Problem description: Reproduce the entries that follow exactly, dropping each image.

Records for the task:
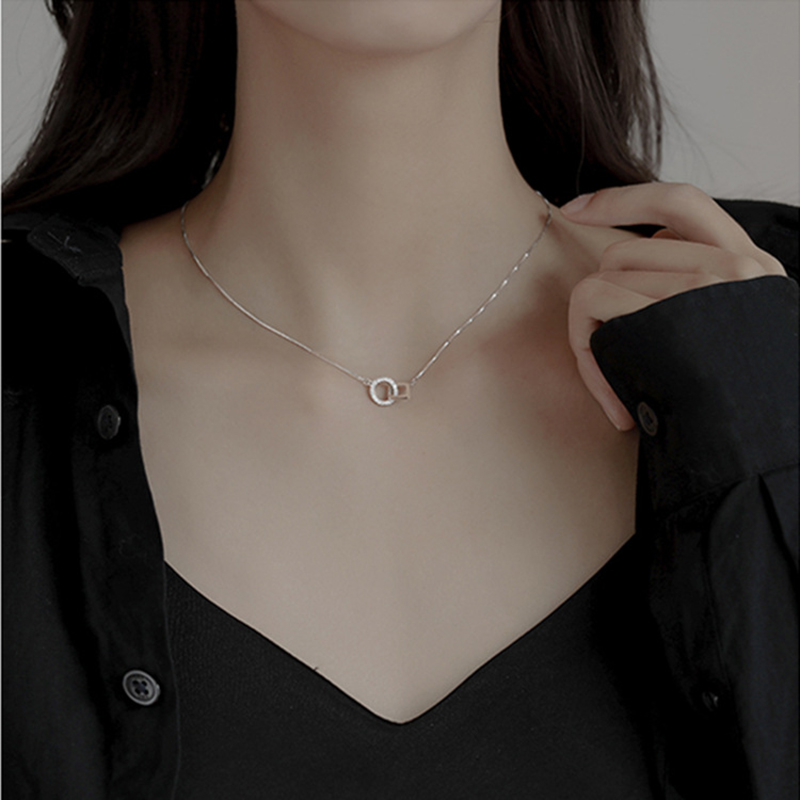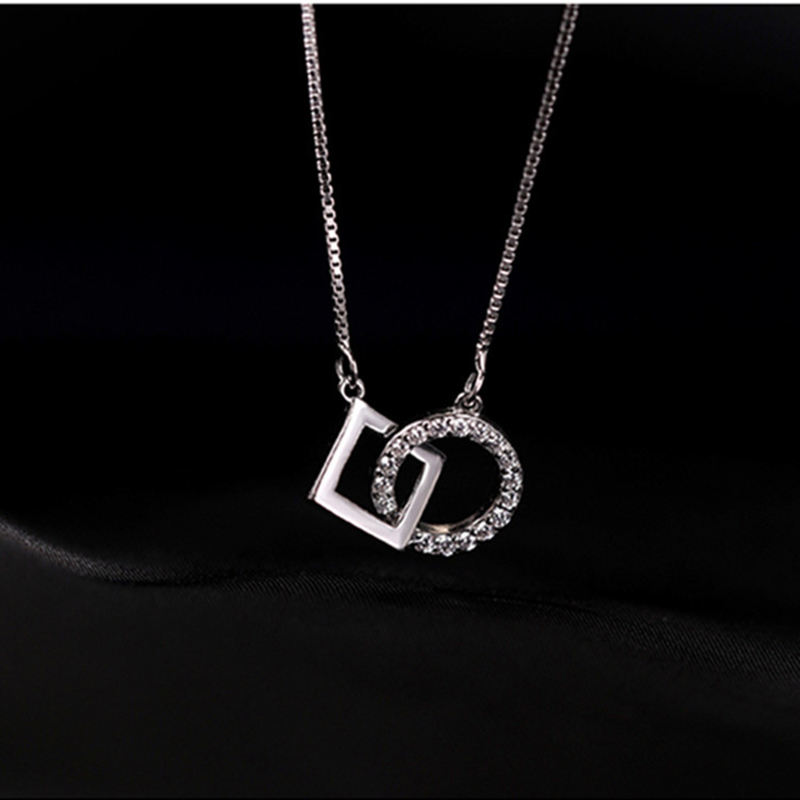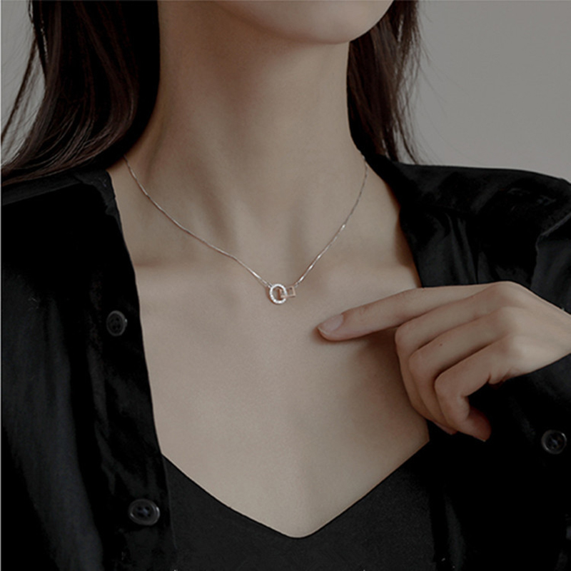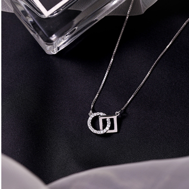 【Umi】韓式東大門圓圈方形扣微鑲鑽造型簡約奢華時尚優雅百搭銀項鍊(韓劇精緻情人節禮物)
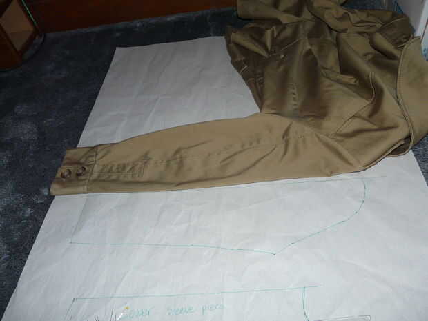 Los manguitos son difíciles ya que se relajan en la parte superior, lo que significa que inicialmente se corta la pieza de tela sea mayor de lo que parece como un manga acabado. Se cortan como para dar al usuario más libertad de movimiento, pero hace mangas más difícil rastrear porque si trazar y cortar el manguito como lo es ahora, terminará demasiado pequeño.
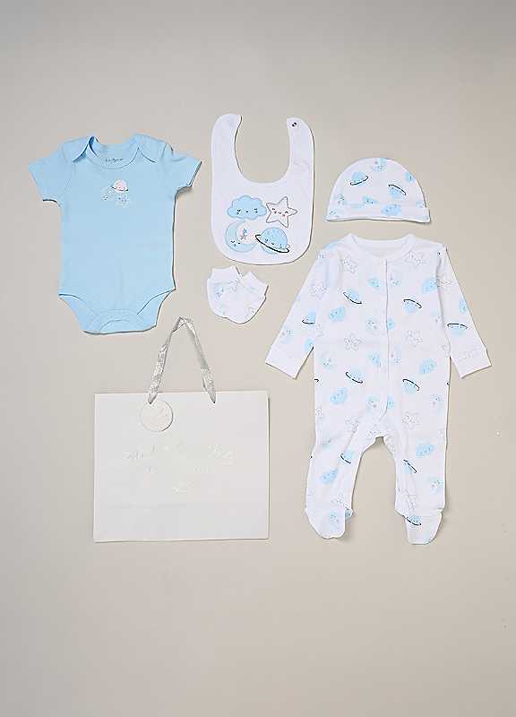 Surprise new parents with the printed 5-piece baby gift set from Rock a Bye Baby boutique. This thoughtful bundle includes a cosy matching all-in-one, bodysuit, bib, hat, and mitts for essential wardrobe pieces. Crafted from 100% cotton, each item ensures their baby stays stylish and snug, perfect for everyday wear or special occasions. Packaged elegantly in a mesh bag.Machine washableRefer to care label instructions100% Cotton
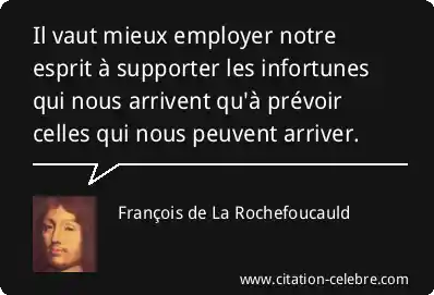 Il vaut mieux employer notre esprit à supporter les infortunes qui nous arrivent qu'à prévoir celles qui nous peuvent arriver.
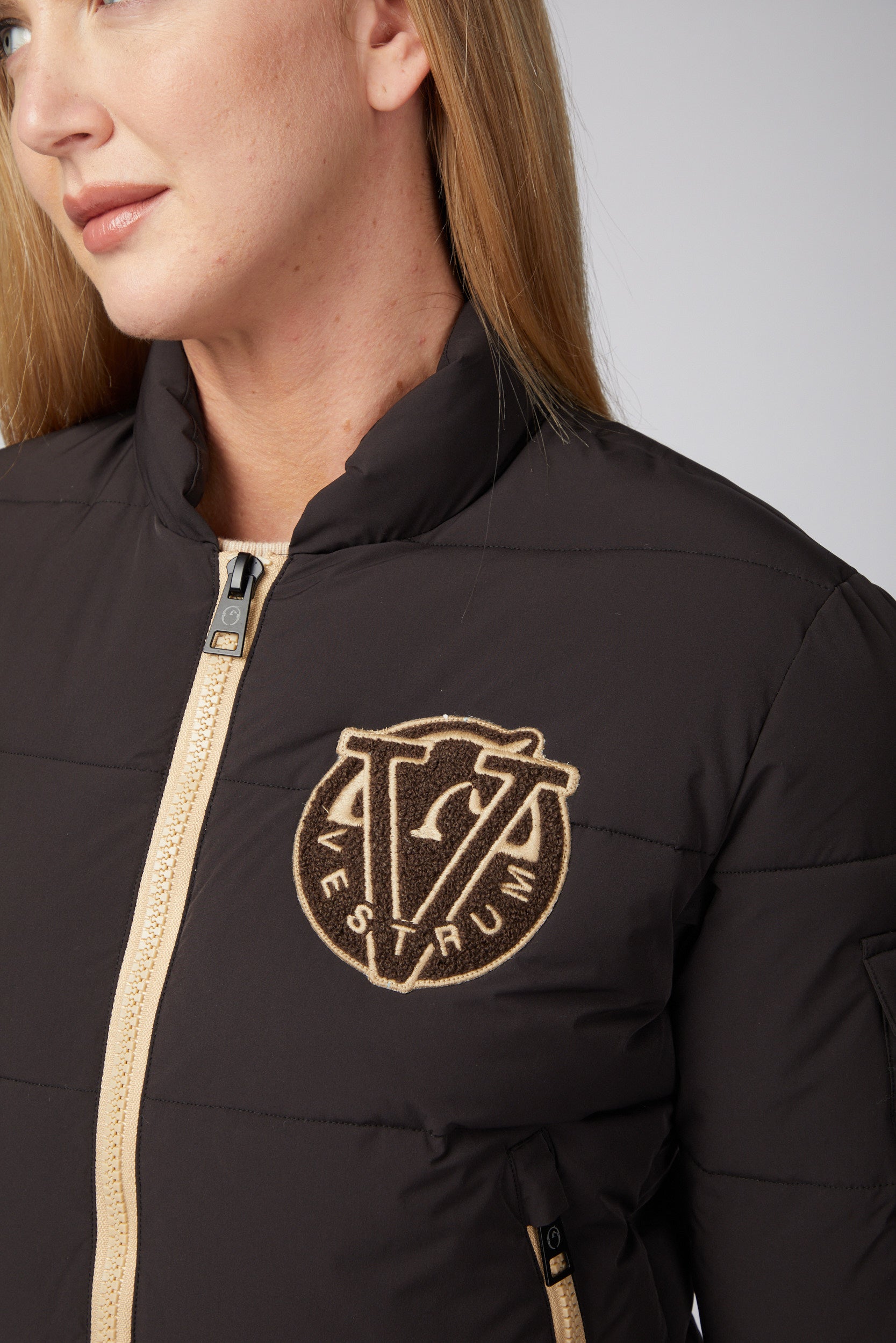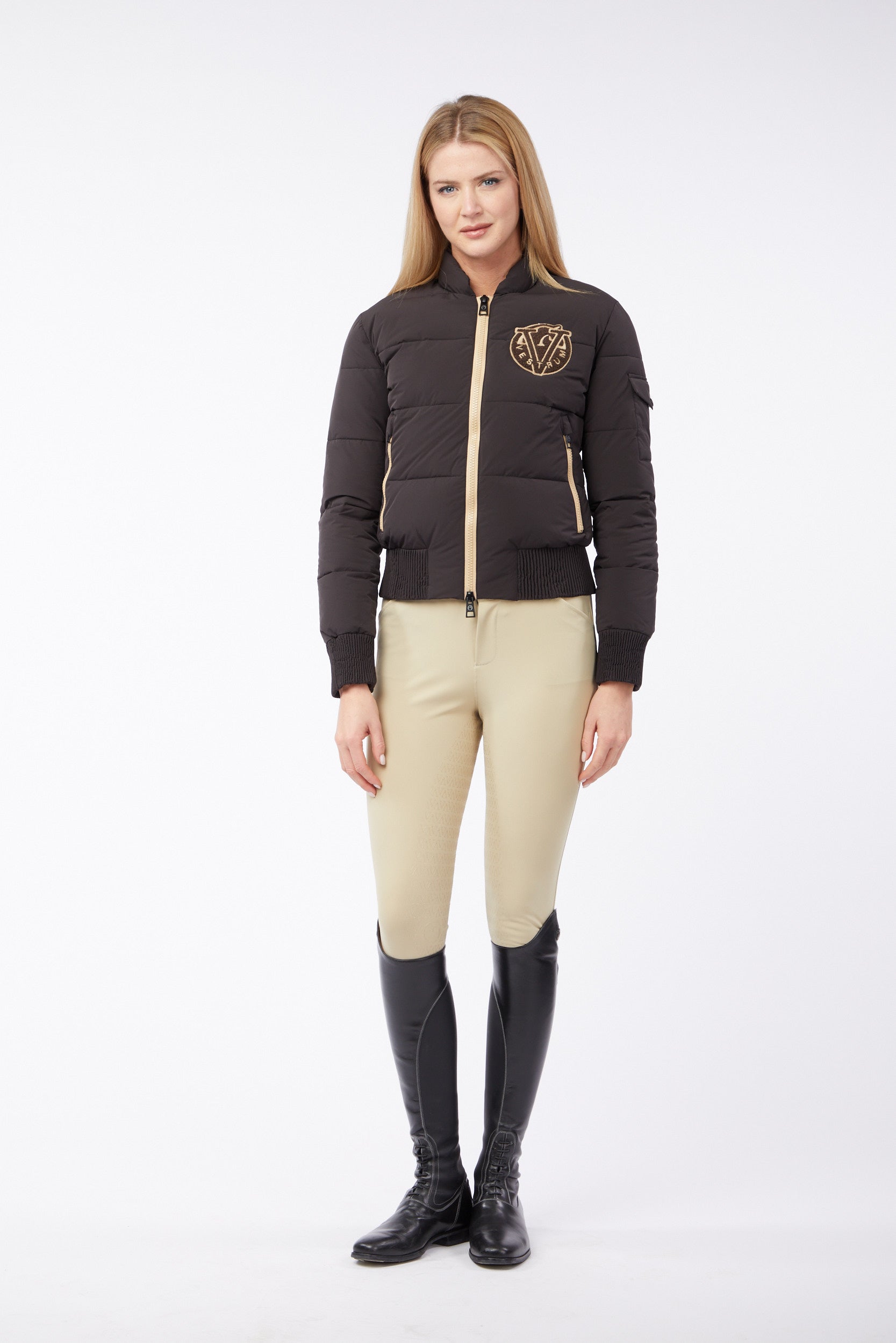 Jacket for women in bomber style, characterized by bottom and ribbed knit cuffs for a comfortable fit. The front features a terry patch with Vestrum embroidery, a distinctive element that enhances the sporty look of the garment. Perfect for training and daily use. Ecodown padding.

Result for this exercise:
 【Umi】韓式東大門圓圈方形扣微鑲鑽造型簡約奢華時尚優雅百搭銀項鍊(韓劇精緻情人節禮物)
 Los manguitos son difíciles ya que se relajan en la parte superior, lo que significa que inicialmente se corta la pieza de tela sea mayor de lo que parece como un manga acabado. Se cortan como para dar al usuario más libertad de movimiento, pero hace mangas más difícil rastrear porque si trazar y cortar el manguito como lo es ahora, terminará demasiado pequeño.
 Surprise new parents with the printed 5-piece baby gift set from Rock a Bye Baby boutique. This thoughtful bundle includes a cosy matching all-in-one, bodysuit, bib, hat, and mitts for essential wardrobe pieces. Crafted from 100% cotton, each item ensures their baby stays stylish and snug, perfect for everyday wear or special occasions. Packaged elegantly in a mesh bag.Machine washableRefer to care label instructions100% Cotton
 Il vaut mieux employer notre esprit à supporter les infortunes qui nous arrivent qu'à prévoir celles qui nous peuvent arriver.
 Jacket for women in bomber style, characterized by bottom and ribbed knit cuffs for a comfortable fit. The front features a terry patch with Vestrum embroidery, a distinctive element that enhances the sporty look of the garment. Perfect for training and daily use. Ecodown padding.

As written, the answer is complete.